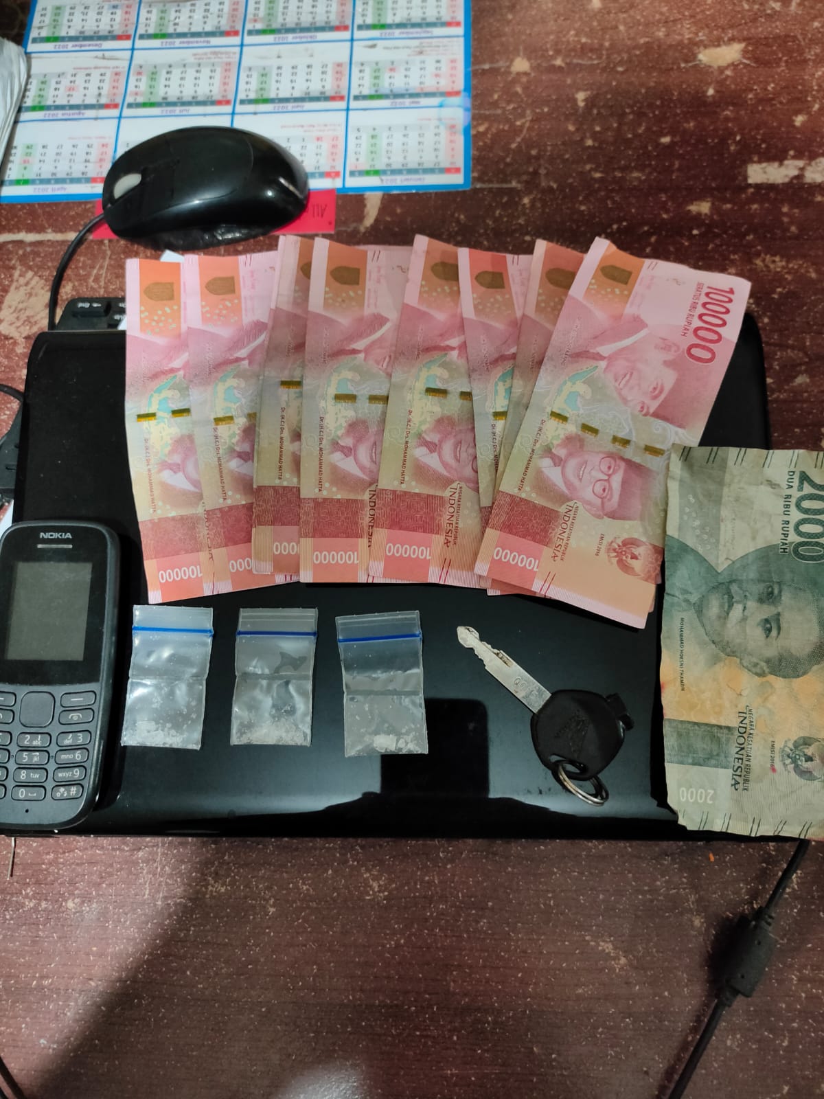 Dari tangan pelaku ditemukan satu poket sabu-sabu di kantong celana jeans yang dikenakannya, kemudian dua poket sabu-sabu yang disembunyikan dalam celana dalam.
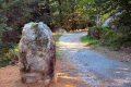 La stèle gauloise reconvertie en borne millaire romaine du carrefour de la D42 vers le sanctuaire des Osismes du Huelgoat
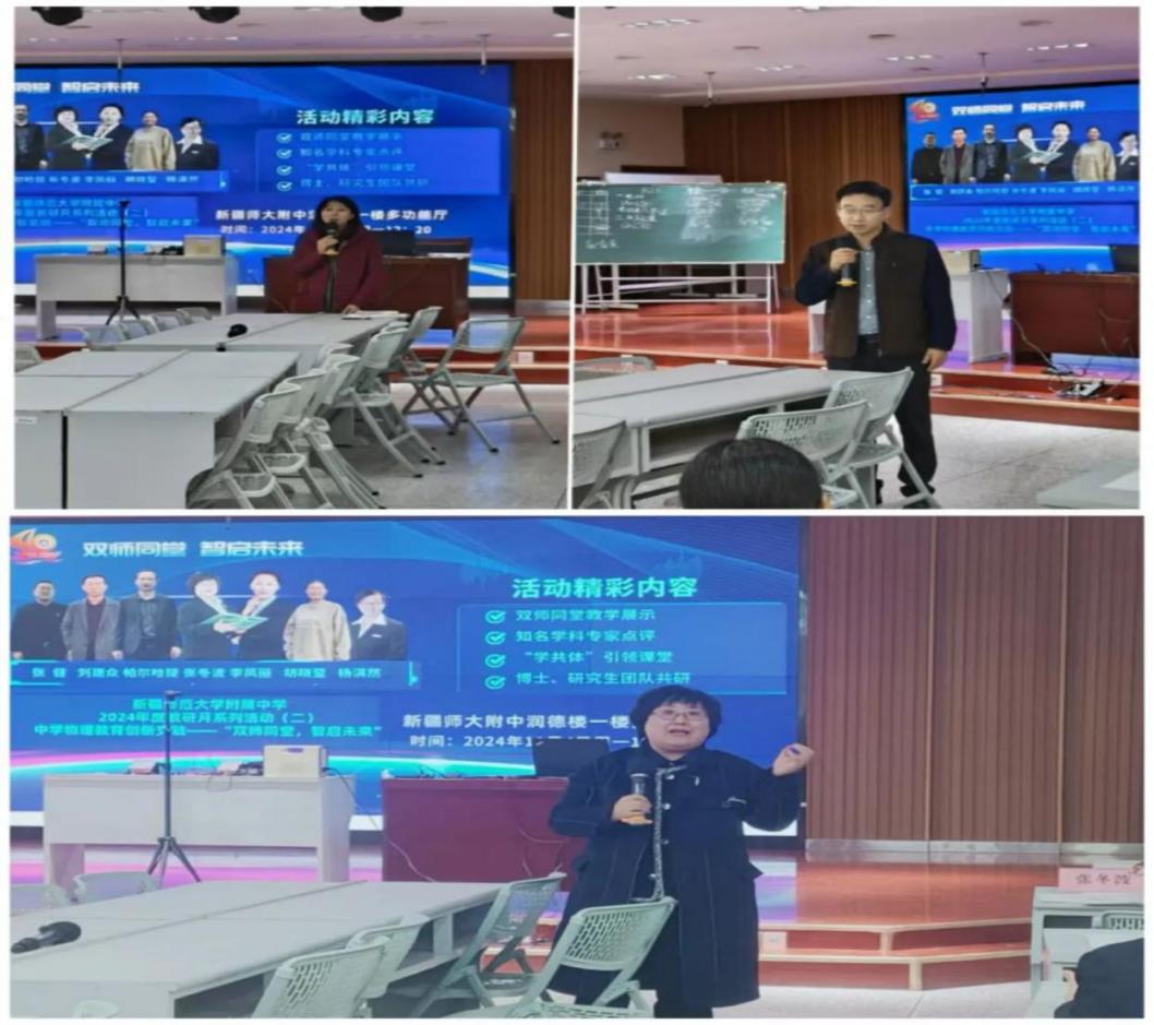 为提高本科师范类培优班学生的教育教学能力,促进师范生专业成长,11月4日,beat365正版唯一官方网站联合师大附中开展了培优班实习生优质示范课教学研讨活动。beat365正版唯一官方网站副院长帕尔哈提江·吐尔孙、附属中学副校长李凤丽、物理系教研室主任赵方、“天山英才”教学名师张冬波教授及beat365正版唯一官方网站青年博士教师、附属中学教师和学科教学(物理)研究生、物理学2022级培优班实习生参加活动。活动由附中物理教研组长胡晓莹老师主持。

Directions for this task =
Everything in the listing except the pictures must come back exactly as written.

Response =
 Dari tangan pelaku ditemukan satu poket sabu-sabu di kantong celana jeans yang dikenakannya, kemudian dua poket sabu-sabu yang disembunyikan dalam celana dalam.
 La stèle gauloise reconvertie en borne millaire romaine du carrefour de la D42 vers le sanctuaire des Osismes du Huelgoat
 为提高本科师范类培优班学生的教育教学能力,促进师范生专业成长,11月4日,beat365正版唯一官方网站联合师大附中开展了培优班实习生优质示范课教学研讨活动。beat365正版唯一官方网站副院长帕尔哈提江·吐尔孙、附属中学副校长李凤丽、物理系教研室主任赵方、“天山英才”教学名师张冬波教授及beat365正版唯一官方网站青年博士教师、附属中学教师和学科教学(物理)研究生、物理学2022级培优班实习生参加活动。活动由附中物理教研组长胡晓莹老师主持。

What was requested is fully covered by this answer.